INSTRUCTIONS FOR THE TASK —
Where the line holding "Every year we" appears, start copying, and continue exactly through the last line of the listing, skipping pictures.

INPUT DATA —

* * * * *

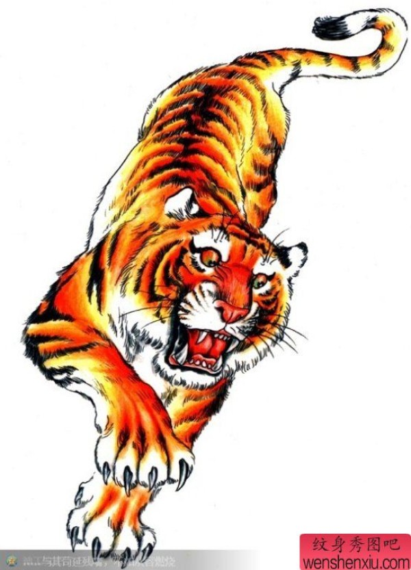 纹身图吧分享一张彩色老虎文身作品
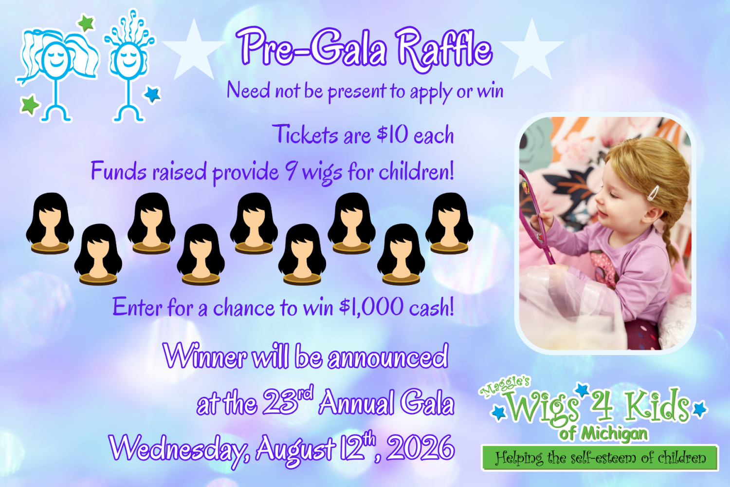 Every year we host a pre-gala raffle where the purchase of a $10 ticket helps Maggie's Wigs 4 Kids of Michigan provide wigs to 9 children in need. Your $10 also enters you for a chance to win the $1,000 CASH prize which you need not be present to win! ???? To purchase your pre-gala raffle tickets and help the kids, visit: http://mw4k23.givesmart.com
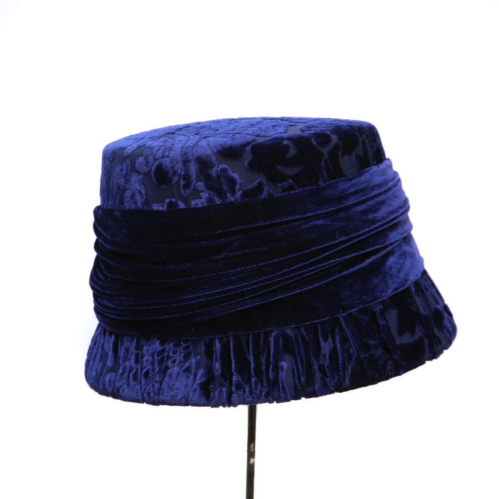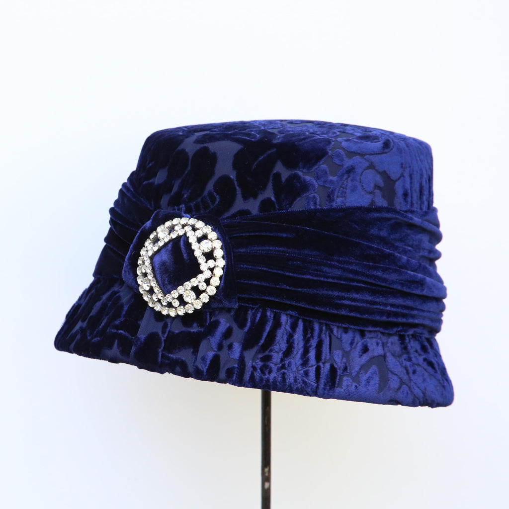 A navy silk velvet devoré cloche, with a plain blue silk velvet rouched band and large vintage diamanté brooch.

* * * * *

FINAL ANSWER —
 Every year we host a pre-gala raffle where the purchase of a $10 ticket helps Maggie's Wigs 4 Kids of Michigan provide wigs to 9 children in need. Your $10 also enters you for a chance to win the $1,000 CASH prize which you need not be present to win! ???? To purchase your pre-gala raffle tickets and help the kids, visit: http://mw4k23.givesmart.com
 A navy silk velvet devoré cloche, with a plain blue silk velvet rouched band and large vintage diamanté brooch.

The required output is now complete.